Records contained in a dataset:
——

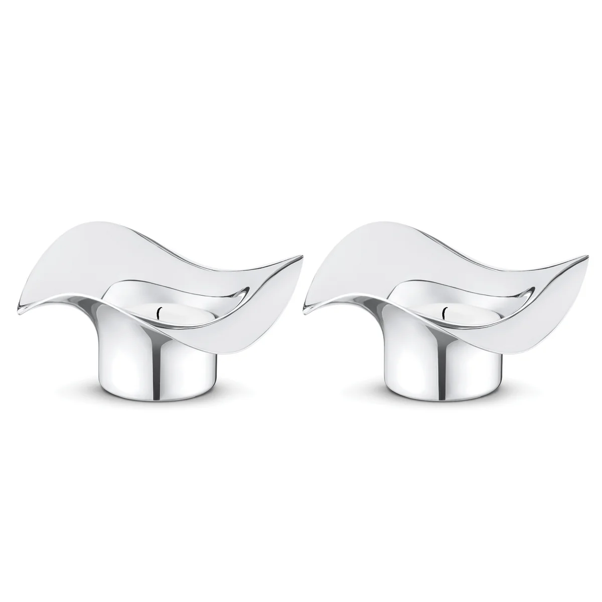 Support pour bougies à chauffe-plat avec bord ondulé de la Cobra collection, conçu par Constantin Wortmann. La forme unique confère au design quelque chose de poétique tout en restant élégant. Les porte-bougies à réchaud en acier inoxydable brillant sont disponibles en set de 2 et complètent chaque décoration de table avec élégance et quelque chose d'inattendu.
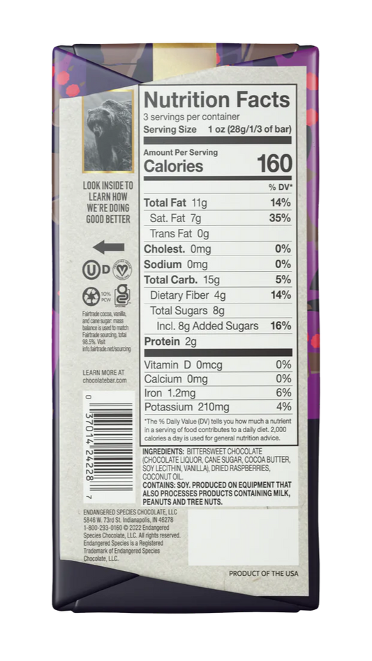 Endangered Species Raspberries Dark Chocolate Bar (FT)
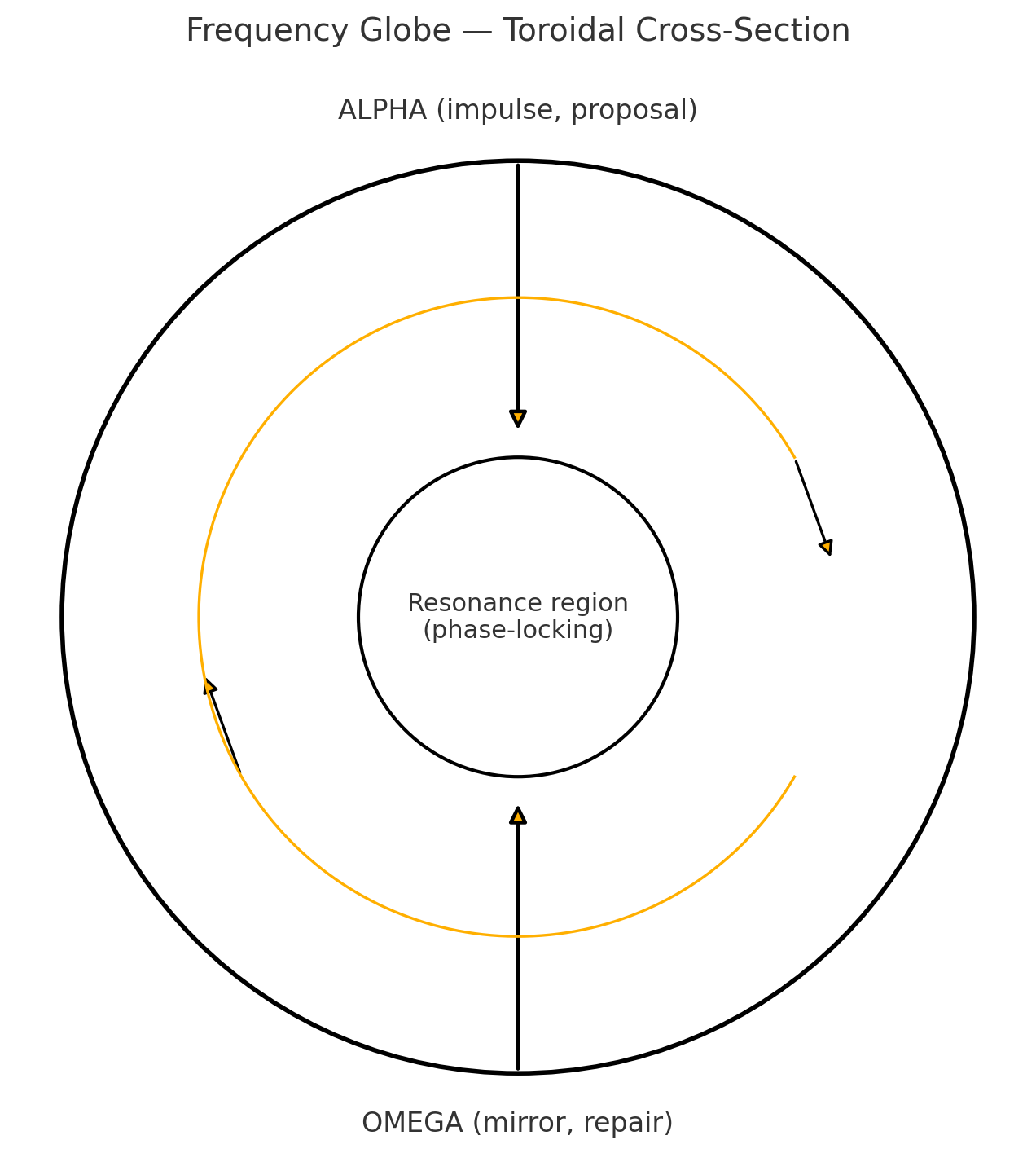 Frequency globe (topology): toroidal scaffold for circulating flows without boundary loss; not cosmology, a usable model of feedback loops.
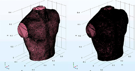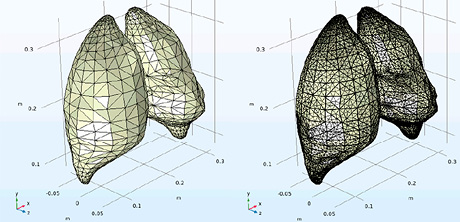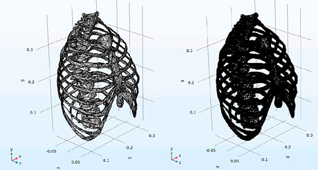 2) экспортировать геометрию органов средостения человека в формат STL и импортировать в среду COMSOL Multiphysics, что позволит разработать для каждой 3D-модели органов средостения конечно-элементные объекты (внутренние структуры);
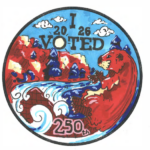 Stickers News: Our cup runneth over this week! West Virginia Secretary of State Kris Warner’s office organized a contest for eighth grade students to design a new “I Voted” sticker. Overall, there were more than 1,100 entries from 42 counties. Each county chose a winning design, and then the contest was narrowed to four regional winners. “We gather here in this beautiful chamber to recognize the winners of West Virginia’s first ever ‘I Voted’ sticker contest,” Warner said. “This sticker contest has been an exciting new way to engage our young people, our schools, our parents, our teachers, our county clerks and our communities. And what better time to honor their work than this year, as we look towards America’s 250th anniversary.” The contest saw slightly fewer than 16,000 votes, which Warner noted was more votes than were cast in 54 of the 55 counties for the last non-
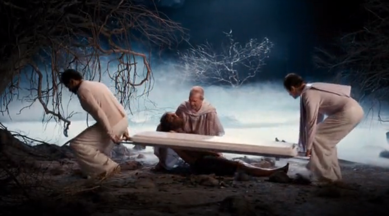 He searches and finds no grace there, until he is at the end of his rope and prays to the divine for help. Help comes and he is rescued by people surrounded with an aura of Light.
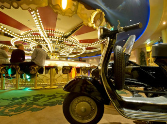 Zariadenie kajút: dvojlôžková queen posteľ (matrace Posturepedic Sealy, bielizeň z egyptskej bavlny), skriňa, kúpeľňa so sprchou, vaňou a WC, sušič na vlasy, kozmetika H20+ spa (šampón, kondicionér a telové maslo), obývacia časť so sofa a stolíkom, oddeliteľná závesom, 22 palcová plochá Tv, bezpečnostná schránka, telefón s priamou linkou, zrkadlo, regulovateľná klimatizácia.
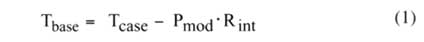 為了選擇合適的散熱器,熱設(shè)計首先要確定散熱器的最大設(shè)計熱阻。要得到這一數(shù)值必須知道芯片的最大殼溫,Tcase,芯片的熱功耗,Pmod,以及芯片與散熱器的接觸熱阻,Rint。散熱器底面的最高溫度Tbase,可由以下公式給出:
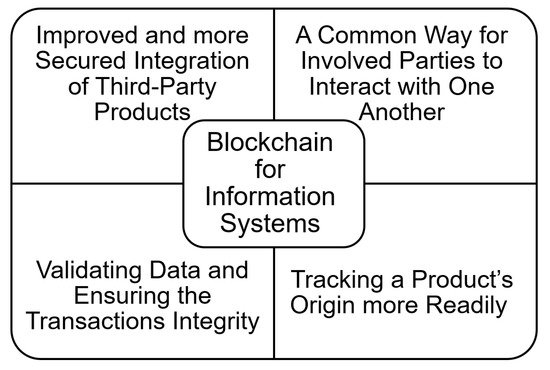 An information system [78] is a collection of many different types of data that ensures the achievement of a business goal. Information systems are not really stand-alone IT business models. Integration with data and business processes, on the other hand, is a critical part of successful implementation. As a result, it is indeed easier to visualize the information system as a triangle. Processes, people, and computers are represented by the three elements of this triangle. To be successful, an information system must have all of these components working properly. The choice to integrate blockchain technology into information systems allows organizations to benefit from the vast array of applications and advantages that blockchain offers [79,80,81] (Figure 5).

——

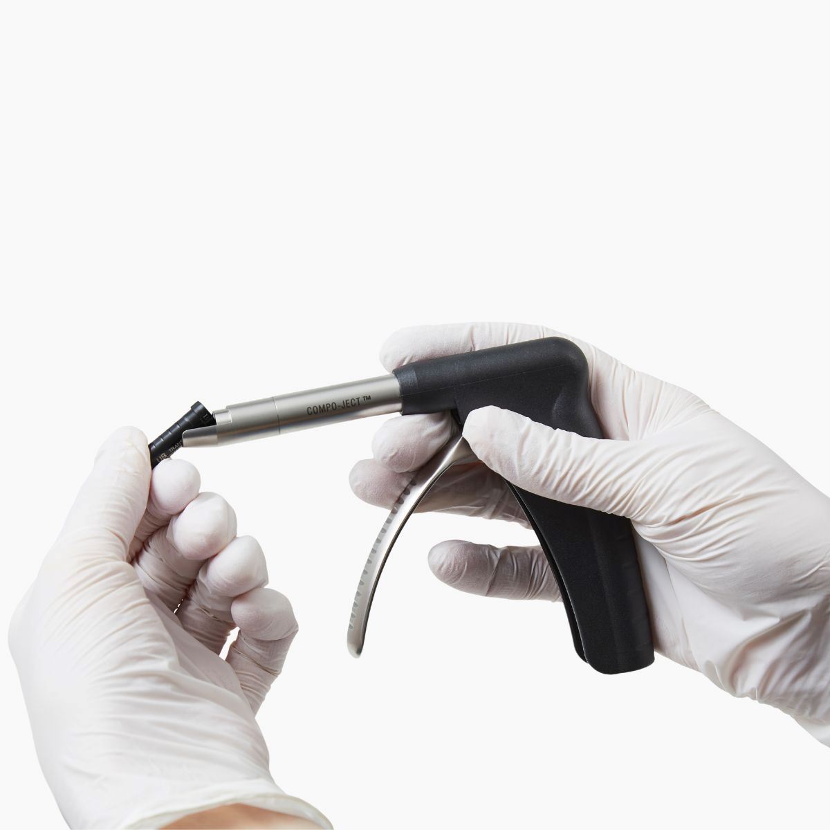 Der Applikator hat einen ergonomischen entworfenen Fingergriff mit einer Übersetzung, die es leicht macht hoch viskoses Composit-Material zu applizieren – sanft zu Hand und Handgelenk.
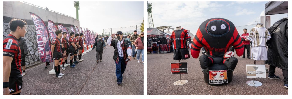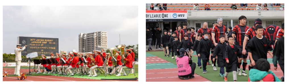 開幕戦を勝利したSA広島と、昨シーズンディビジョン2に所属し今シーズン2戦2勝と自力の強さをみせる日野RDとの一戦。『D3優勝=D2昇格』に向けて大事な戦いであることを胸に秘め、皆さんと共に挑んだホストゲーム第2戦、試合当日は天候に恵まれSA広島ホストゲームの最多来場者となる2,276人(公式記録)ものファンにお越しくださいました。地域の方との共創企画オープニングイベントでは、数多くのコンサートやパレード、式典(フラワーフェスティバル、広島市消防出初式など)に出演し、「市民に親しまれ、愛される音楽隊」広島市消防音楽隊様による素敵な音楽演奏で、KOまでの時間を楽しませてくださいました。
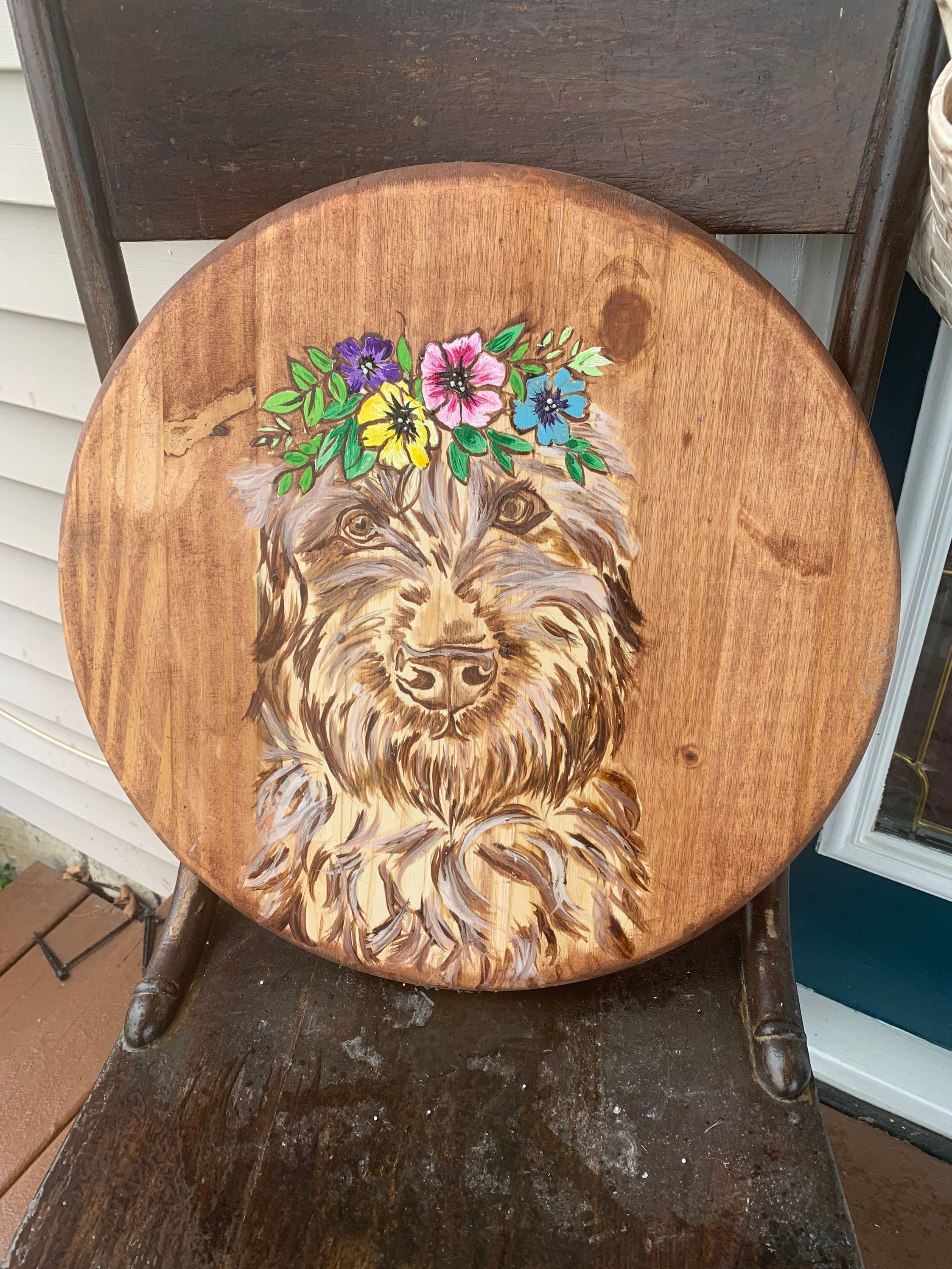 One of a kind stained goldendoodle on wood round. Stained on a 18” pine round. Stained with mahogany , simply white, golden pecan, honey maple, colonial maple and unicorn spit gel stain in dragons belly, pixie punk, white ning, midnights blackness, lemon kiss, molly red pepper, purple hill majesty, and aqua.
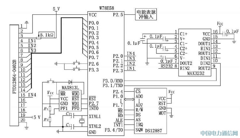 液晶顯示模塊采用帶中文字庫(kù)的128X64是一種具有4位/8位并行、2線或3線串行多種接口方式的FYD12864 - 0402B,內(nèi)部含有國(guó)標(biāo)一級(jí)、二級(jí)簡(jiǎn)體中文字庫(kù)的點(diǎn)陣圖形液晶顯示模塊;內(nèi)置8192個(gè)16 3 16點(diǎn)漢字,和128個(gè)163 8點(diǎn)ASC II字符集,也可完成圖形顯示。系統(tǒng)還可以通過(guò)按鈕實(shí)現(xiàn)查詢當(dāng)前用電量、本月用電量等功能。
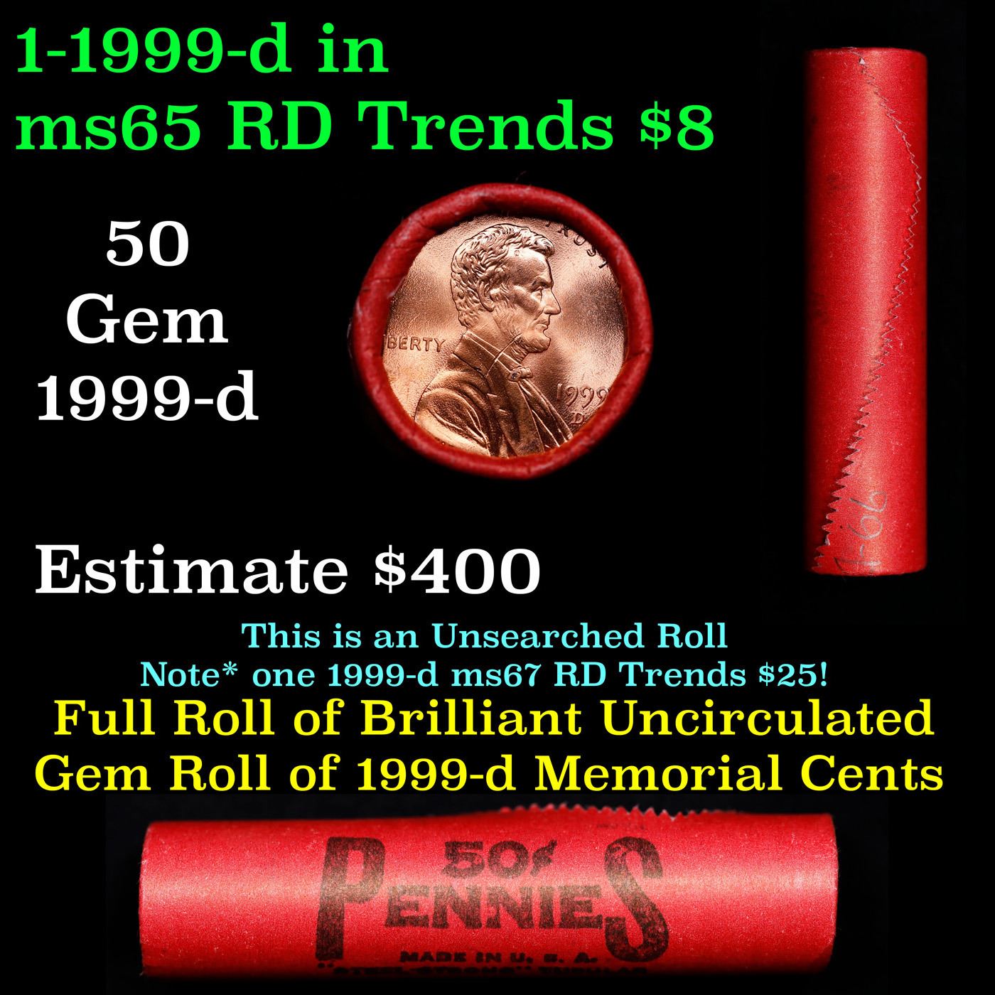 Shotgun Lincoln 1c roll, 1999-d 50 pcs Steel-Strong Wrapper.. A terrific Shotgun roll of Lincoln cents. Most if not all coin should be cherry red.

——

Task directions:
"Der Applikator hat" marks the first line to copy, and "開幕戦を勝利したSA広島と、" marks the last. Repeat that stretch above exactly, with no pictures.

Problem solution:
 Der Applikator hat einen ergonomischen entworfenen Fingergriff mit einer Übersetzung, die es leicht macht hoch viskoses Composit-Material zu applizieren – sanft zu Hand und Handgelenk.
 開幕戦を勝利したSA広島と、昨シーズンディビジョン2に所属し今シーズン2戦2勝と自力の強さをみせる日野RDとの一戦。『D3優勝=D2昇格』に向けて大事な戦いであることを胸に秘め、皆さんと共に挑んだホストゲーム第2戦、試合当日は天候に恵まれSA広島ホストゲームの最多来場者となる2,276人(公式記録)ものファンにお越しくださいました。地域の方との共創企画オープニングイベントでは、数多くのコンサートやパレード、式典(フラワーフェスティバル、広島市消防出初式など)に出演し、「市民に親しまれ、愛される音楽隊」広島市消防音楽隊様による素敵な音楽演奏で、KOまでの時間を楽しませてくださいました。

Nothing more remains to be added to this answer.